Beginning with the line that holds "Carro invade faixa" and ending with the last line of the entries below, copy every line exactly and nothing else, with the pictures left out.

• Input data

--------

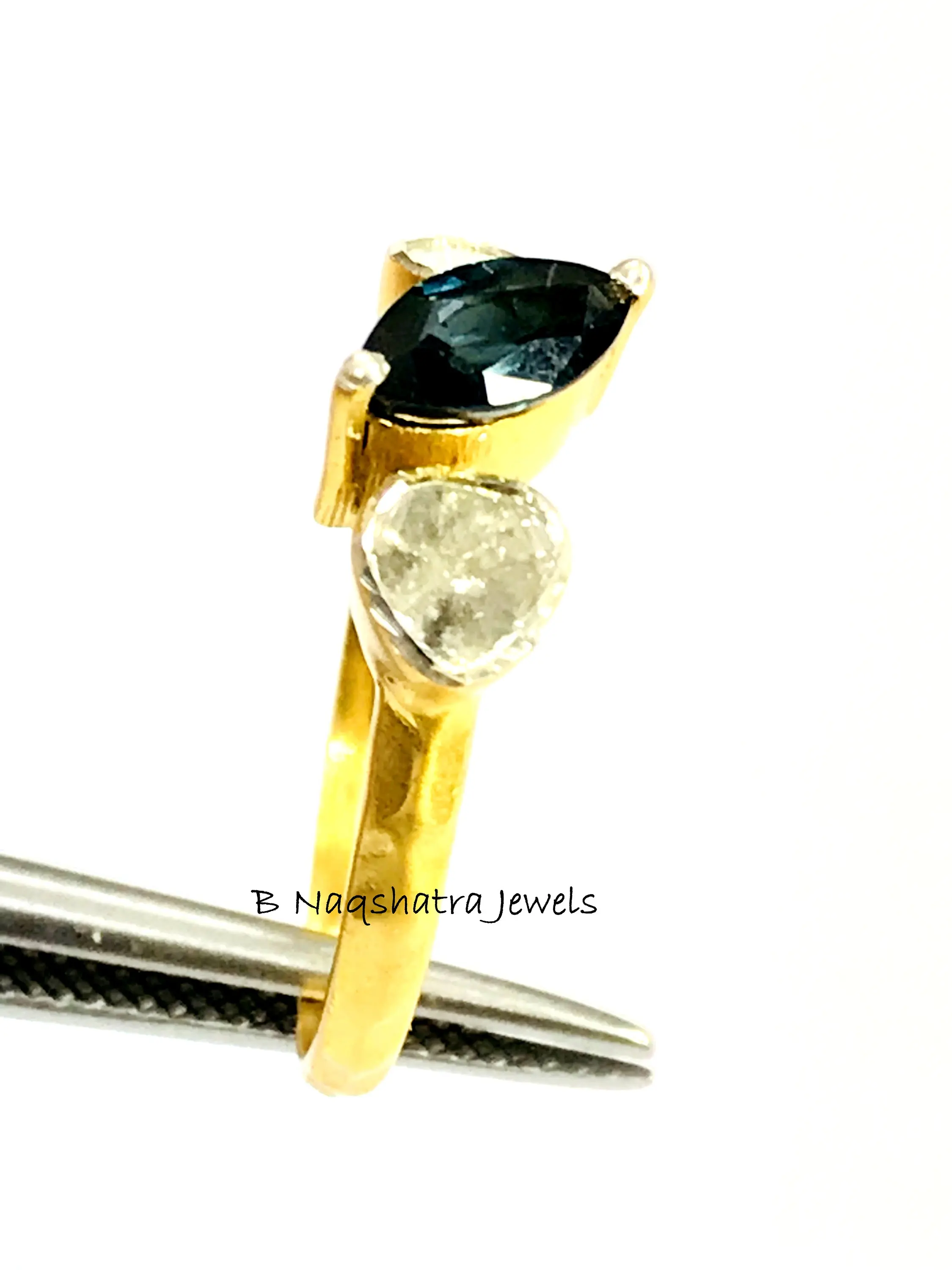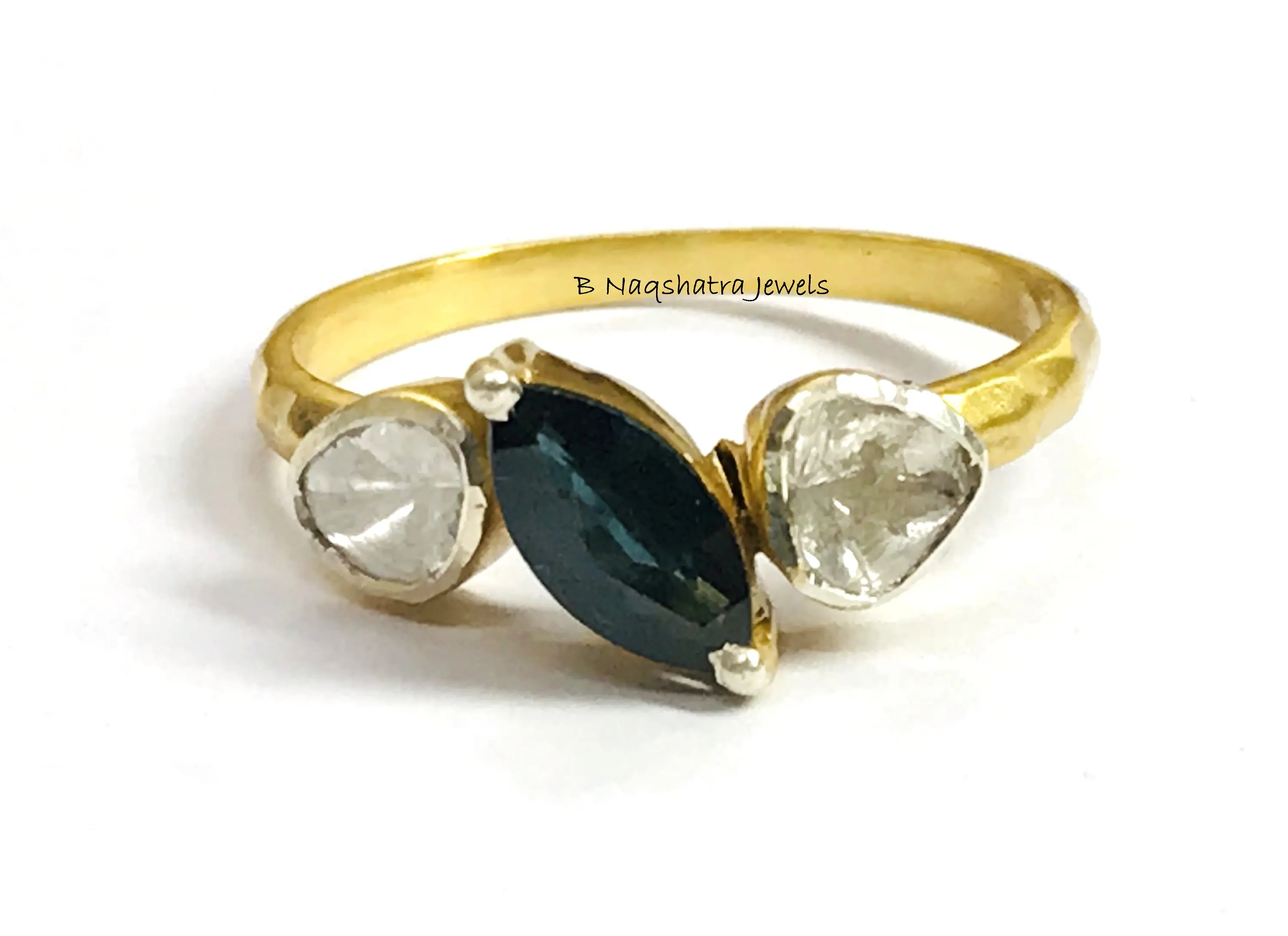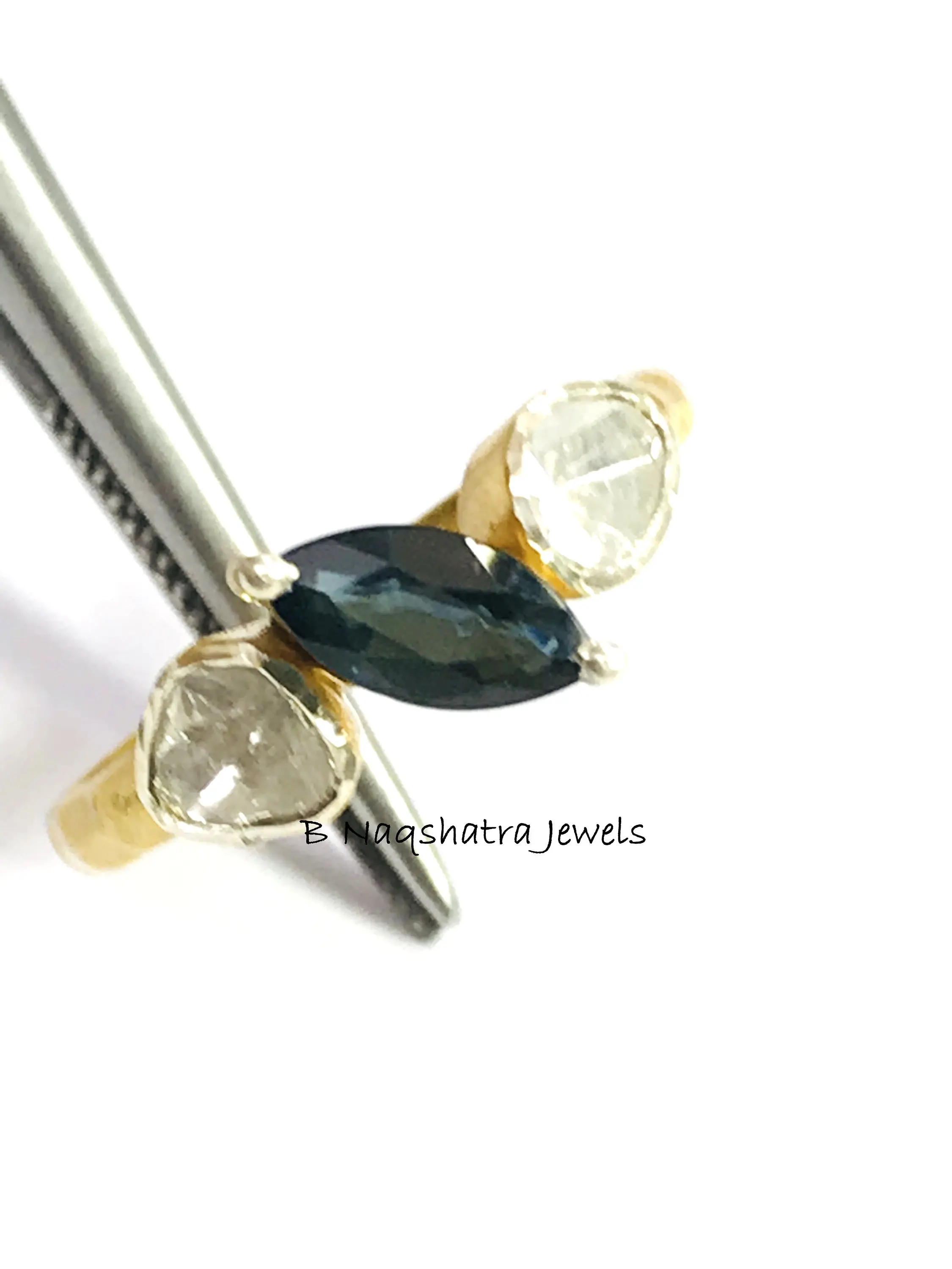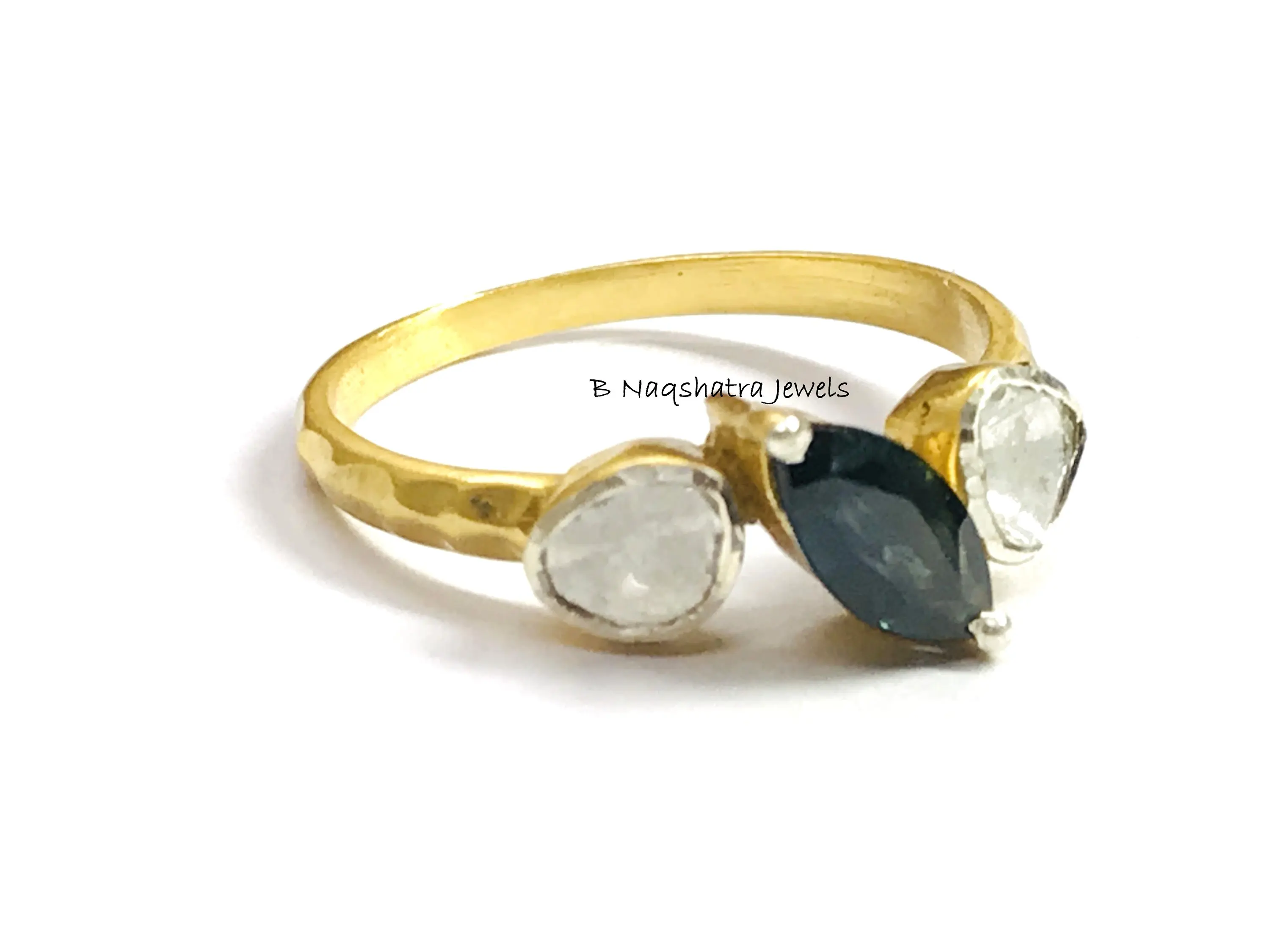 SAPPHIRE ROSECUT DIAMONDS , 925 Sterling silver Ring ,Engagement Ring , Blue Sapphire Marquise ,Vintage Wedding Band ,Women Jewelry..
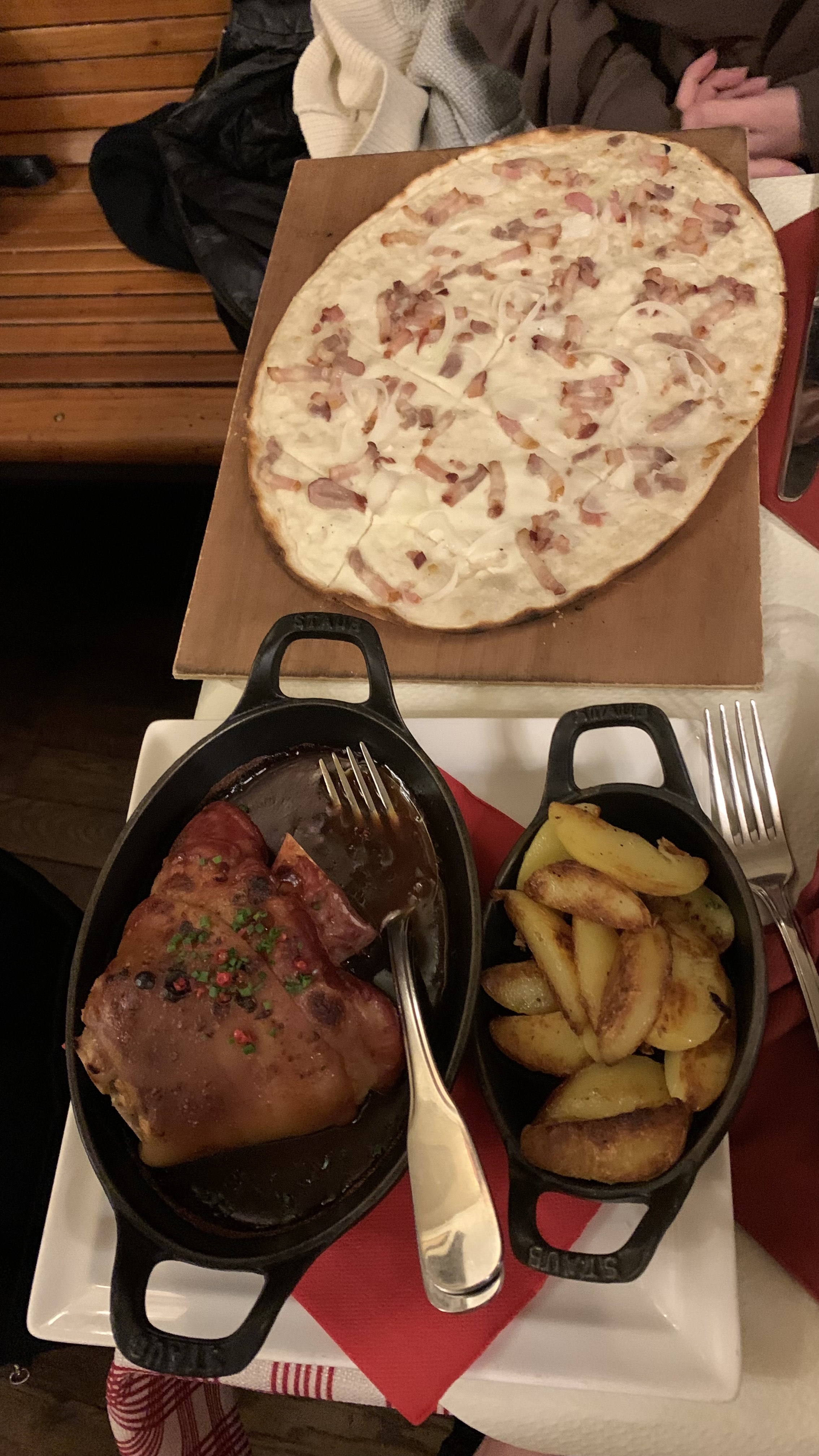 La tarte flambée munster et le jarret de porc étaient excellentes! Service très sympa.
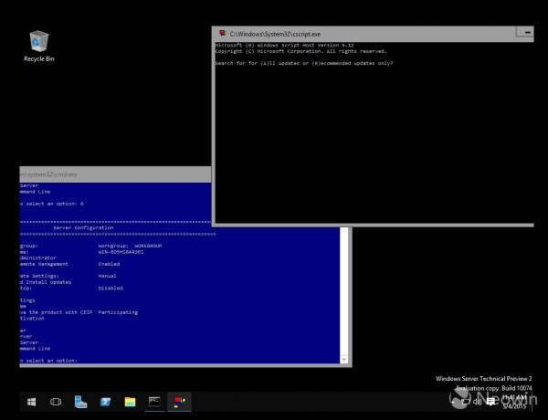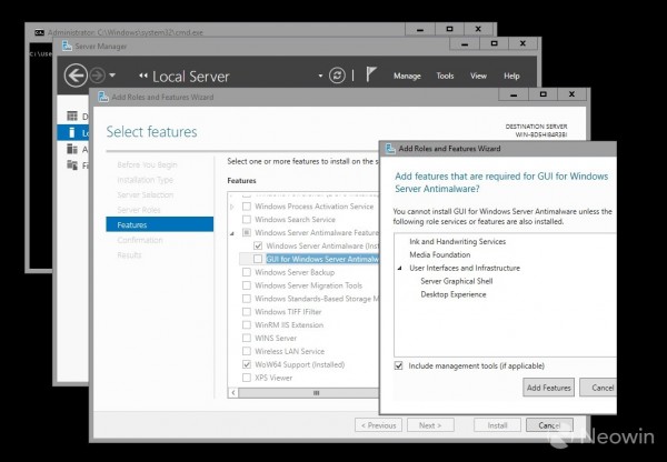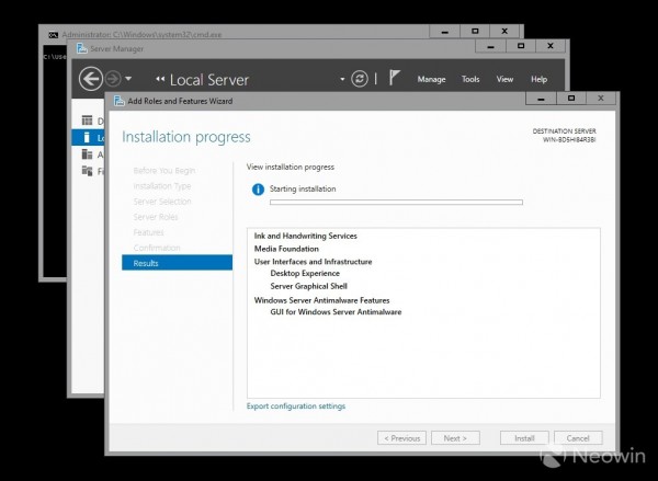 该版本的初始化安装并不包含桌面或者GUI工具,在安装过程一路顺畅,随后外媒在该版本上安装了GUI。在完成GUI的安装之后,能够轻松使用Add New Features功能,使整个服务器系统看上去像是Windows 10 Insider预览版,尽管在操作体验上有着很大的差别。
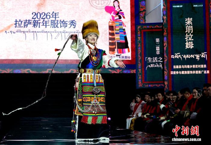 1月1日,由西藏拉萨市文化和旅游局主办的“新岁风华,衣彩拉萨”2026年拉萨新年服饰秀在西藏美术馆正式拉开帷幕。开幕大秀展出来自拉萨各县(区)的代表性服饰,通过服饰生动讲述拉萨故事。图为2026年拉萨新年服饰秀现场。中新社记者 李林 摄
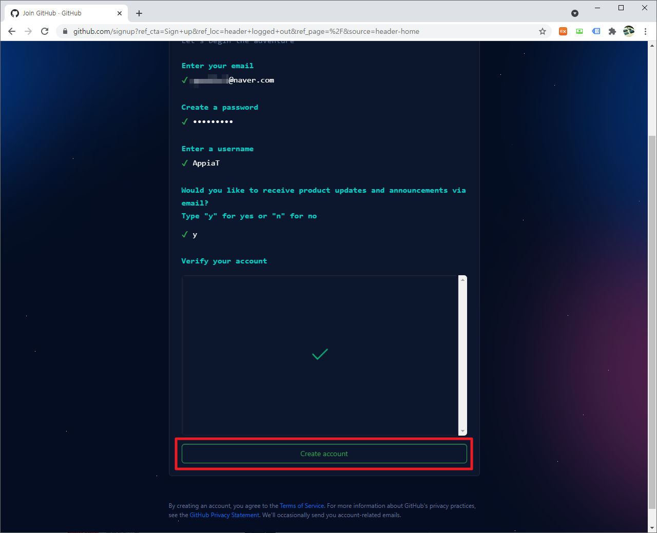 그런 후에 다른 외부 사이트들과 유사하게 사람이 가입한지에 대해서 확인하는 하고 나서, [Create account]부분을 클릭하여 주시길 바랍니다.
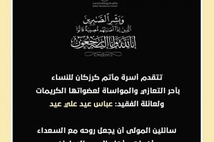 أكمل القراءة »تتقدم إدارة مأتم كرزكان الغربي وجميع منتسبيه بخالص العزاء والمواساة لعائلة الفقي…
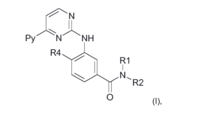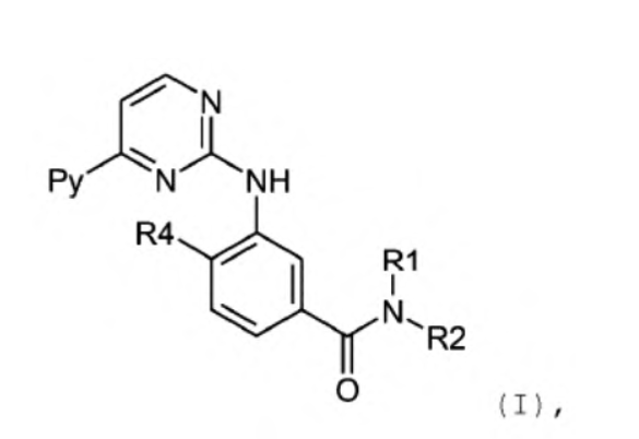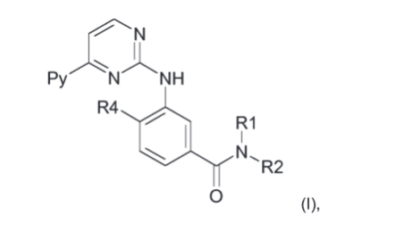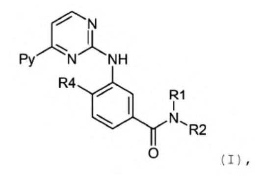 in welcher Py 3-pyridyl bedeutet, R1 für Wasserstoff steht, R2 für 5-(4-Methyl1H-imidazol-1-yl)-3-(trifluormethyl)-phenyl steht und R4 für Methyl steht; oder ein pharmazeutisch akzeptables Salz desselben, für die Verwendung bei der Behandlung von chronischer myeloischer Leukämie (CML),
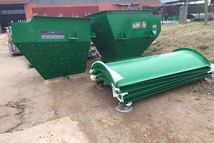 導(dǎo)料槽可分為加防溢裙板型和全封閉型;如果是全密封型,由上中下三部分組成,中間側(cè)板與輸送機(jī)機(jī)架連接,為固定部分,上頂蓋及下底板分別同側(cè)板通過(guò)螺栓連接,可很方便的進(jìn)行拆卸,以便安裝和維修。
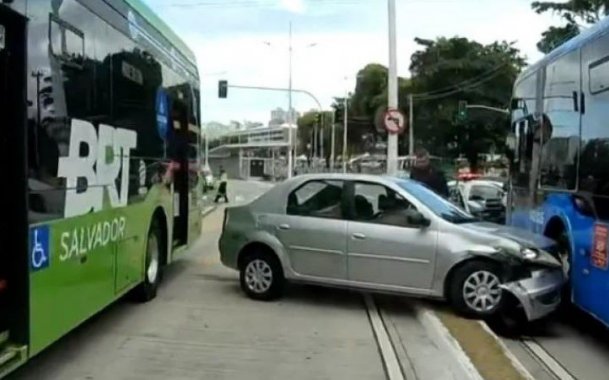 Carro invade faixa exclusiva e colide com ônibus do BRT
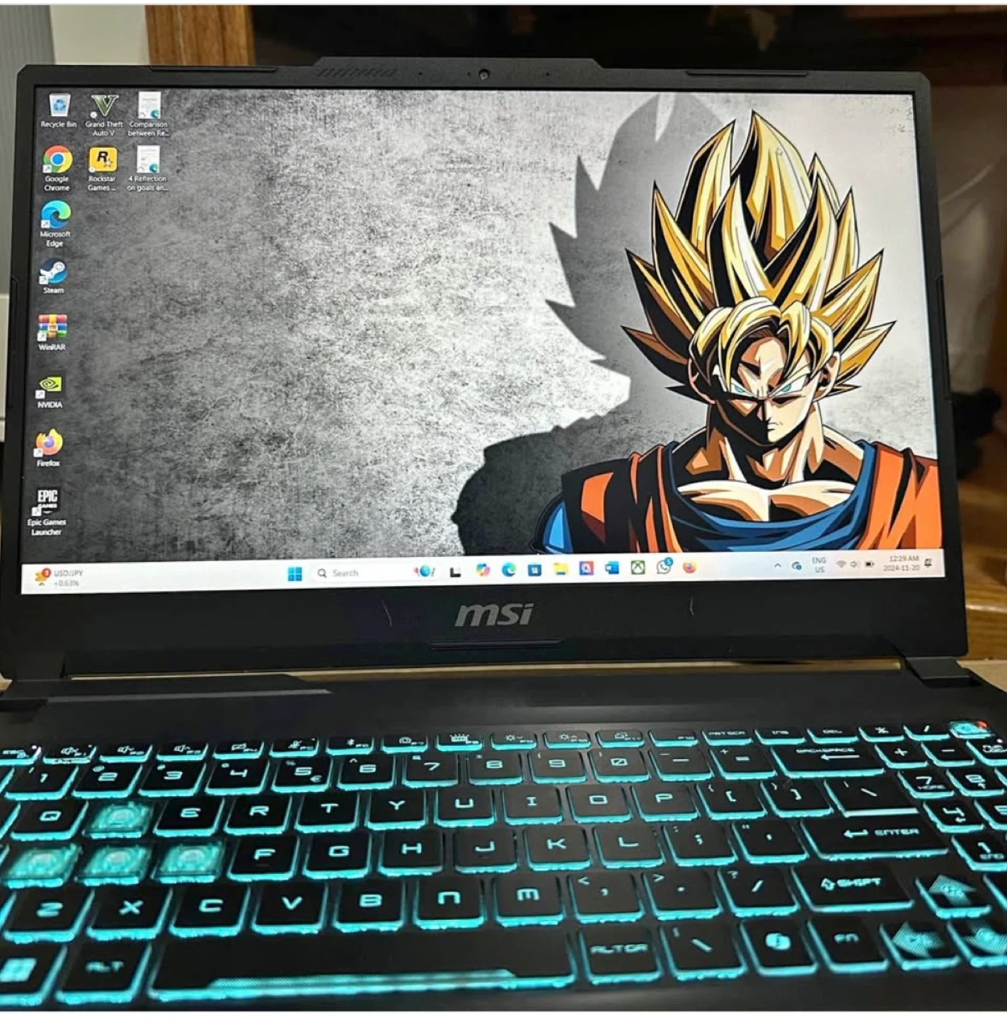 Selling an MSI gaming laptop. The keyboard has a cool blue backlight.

--------

• Exercise output
 Carro invade faixa exclusiva e colide com ônibus do BRT
 Selling an MSI gaming laptop. The keyboard has a cool blue backlight.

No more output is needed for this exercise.